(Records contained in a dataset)
+===+

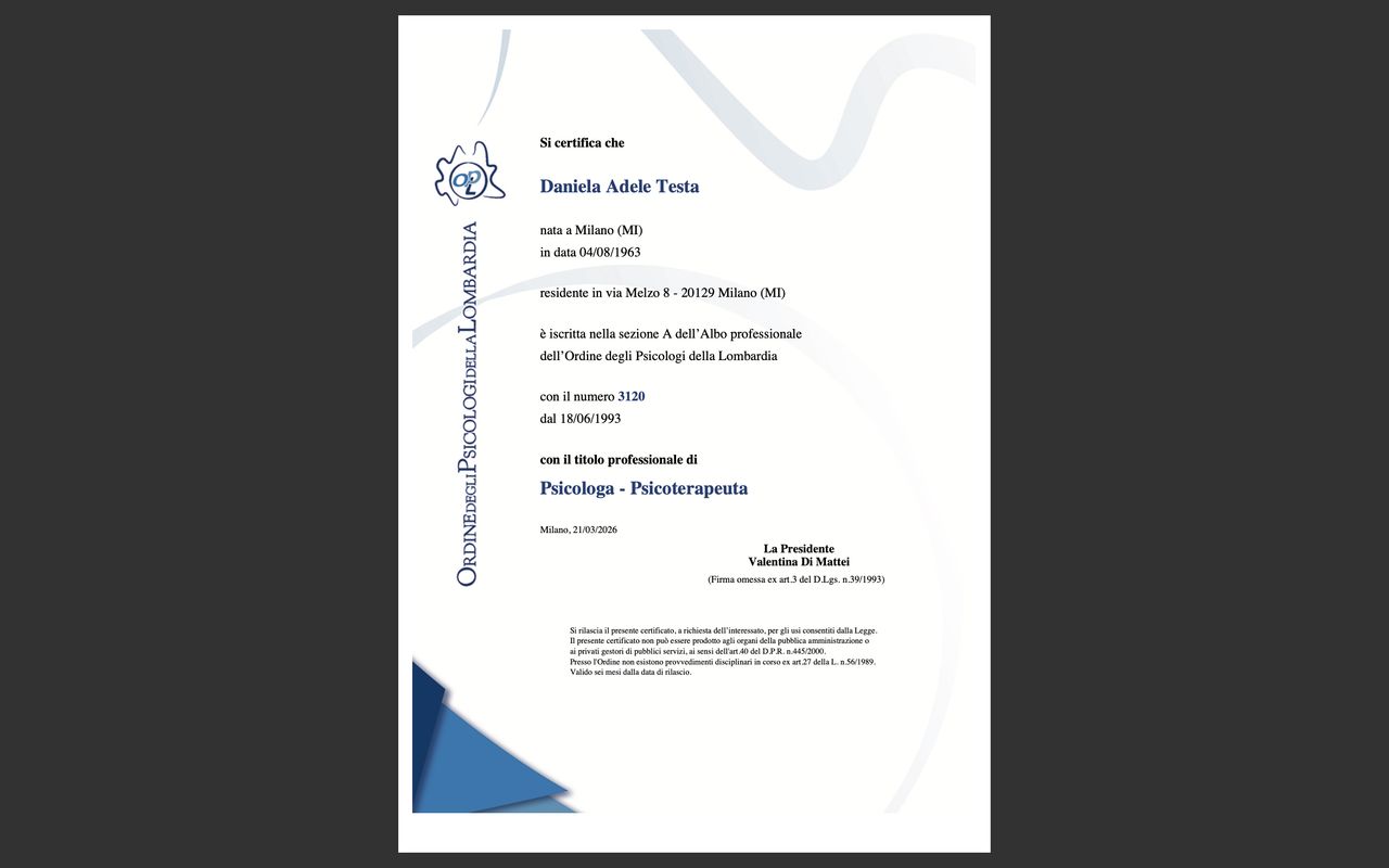 Sono Daniela Testa, psicologa e psicoterapeuta ad indirizzo sistemico-relazionale. Lavoro da oltre trent’anni per la cura della persona e la ricerca terapeutica del suo benessere, in ambito pubblico e privato. Ho osservato le trasformazioni di molte abitudini del vivere quotidiano, il modificarsi degli strumenti di comunicazione tra le persone e l’altalena dei livelli di benessere economico e sociale che spesso condizionano il clima emotivo di ciascuno di noi. Mi sono dedicata con interesse allo studio della famiglia e delle sue diverse fasi di sviluppo: coppia, matrimonio, figli piccoli, figli adolescenti e poi grandi. Ciascun componente può attraversare periodi difficili, che possono essere strettamente personali, per esempio problemi al lavoro, sociali, economici, oppure difficoltà di relazione con le figure importanti della sua famiglia.
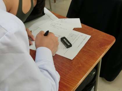 11月4日(金)5・6時間目に実施した高校授業体験にて、東京都立深沢高等学校の中村 せつ子先生による体験授業「国語表現 自己紹介文を書こう」
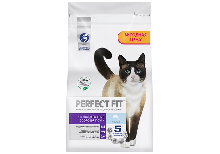 Perfect Fit Сухой корм Перфект Фит для взрослых кошек для Поддержания Здоровья Почек Лосось 2,5 кг
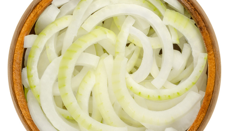 This change in flavor is because of the internal structure of cells within the onion that contain the chemicals that make it taste sharp. Inside the onion, "the layers of plant cells in an onion run from the root to the stem end of the bulb, the direction in which you slice onions can make a big difference in their cooked appearance and texture," according to Cooks Illustrated. Disrupting that structure by slicing crosswise causes the onions to soften, and break down easier while slicing lengthwise keeps the structure intact and preserves the shape when cooked (via Cook's Illustrated.), so when sliced lengthwise, the knife slices along the line of the cell walls, and less of them get torn open. However, when cut crosswise, the cell walls don't line up the same way, and the knife tears through them, releasing the gas that gives onions their intense aroma and flavor. This gas is what makes us cry and gives onions their distinctive flavor (via Misen.)
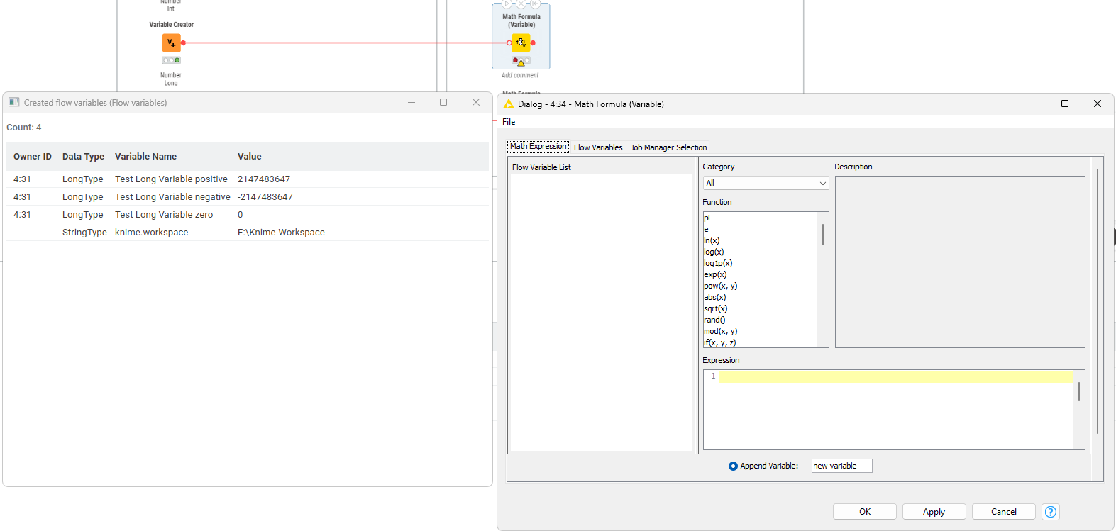 the Math Formula (Variable) node is not recognizing varaibles of the corresponding type.
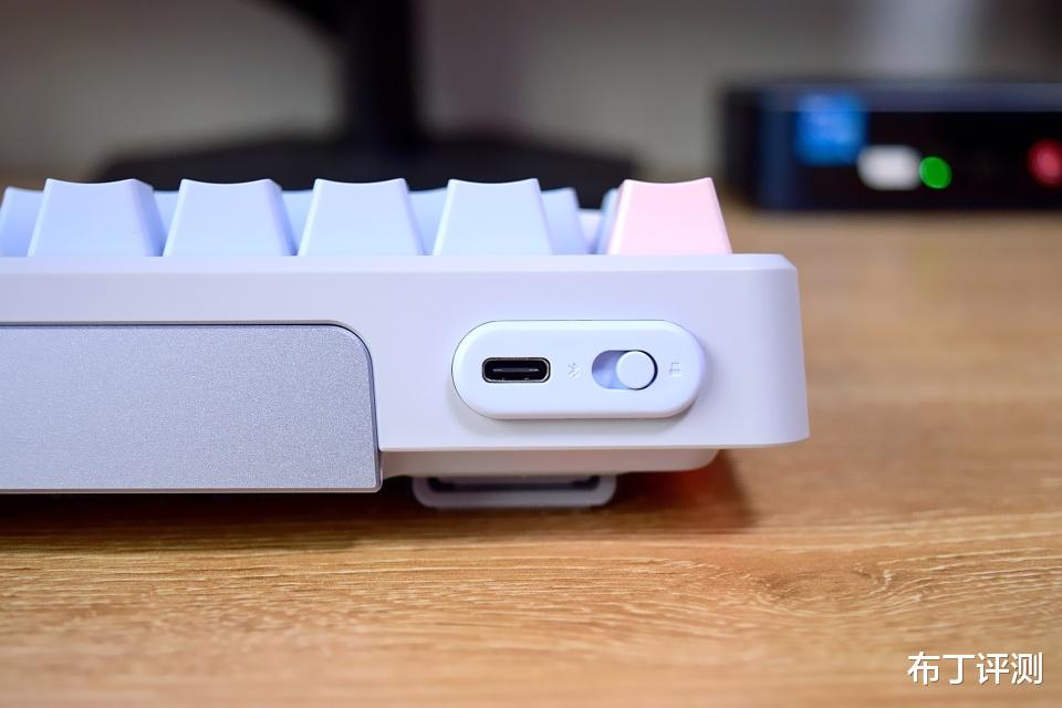 键盘的按键和接口被集中放在了后端左侧位置,拥有Type-C接口和模式切换键,通过快速滑动模式切换键即可快速切换连接模式,支持蓝牙5.0、无线2.4G和有线三模连接,还能在最多5台设备之间快速切换,轻松满足用户的不同使用需求。

+===+

**What the task requires:** Each record above is to be copied exactly. Drop the pictures.

**Solution to this exercise:**
 Sono Daniela Testa, psicologa e psicoterapeuta ad indirizzo sistemico-relazionale. Lavoro da oltre trent’anni per la cura della persona e la ricerca terapeutica del suo benessere, in ambito pubblico e privato. Ho osservato le trasformazioni di molte abitudini del vivere quotidiano, il modificarsi degli strumenti di comunicazione tra le persone e l’altalena dei livelli di benessere economico e sociale che spesso condizionano il clima emotivo di ciascuno di noi. Mi sono dedicata con interesse allo studio della famiglia e delle sue diverse fasi di sviluppo: coppia, matrimonio, figli piccoli, figli adolescenti e poi grandi. Ciascun componente può attraversare periodi difficili, che possono essere strettamente personali, per esempio problemi al lavoro, sociali, economici, oppure difficoltà di relazione con le figure importanti della sua famiglia.
 11月4日(金)5・6時間目に実施した高校授業体験にて、東京都立深沢高等学校の中村 せつ子先生による体験授業「国語表現 自己紹介文を書こう」
 Perfect Fit Сухой корм Перфект Фит для взрослых кошек для Поддержания Здоровья Почек Лосось 2,5 кг
 This change in flavor is because of the internal structure of cells within the onion that contain the chemicals that make it taste sharp. Inside the onion, "the layers of plant cells in an onion run from the root to the stem end of the bulb, the direction in which you slice onions can make a big difference in their cooked appearance and texture," according to Cooks Illustrated. Disrupting that structure by slicing crosswise causes the onions to soften, and break down easier while slicing lengthwise keeps the structure intact and preserves the shape when cooked (via Cook's Illustrated.), so when sliced lengthwise, the knife slices along the line of the cell walls, and less of them get torn open. However, when cut crosswise, the cell walls don't line up the same way, and the knife tears through them, releasing the gas that gives onions their intense aroma and flavor. This gas is what makes us cry and gives onions their distinctive flavor (via Misen.)
 the Math Formula (Variable) node is not recognizing varaibles of the corresponding type.
 键盘的按键和接口被集中放在了后端左侧位置,拥有Type-C接口和模式切换键,通过快速滑动模式切换键即可快速切换连接模式,支持蓝牙5.0、无线2.4G和有线三模连接,还能在最多5台设备之间快速切换,轻松满足用户的不同使用需求。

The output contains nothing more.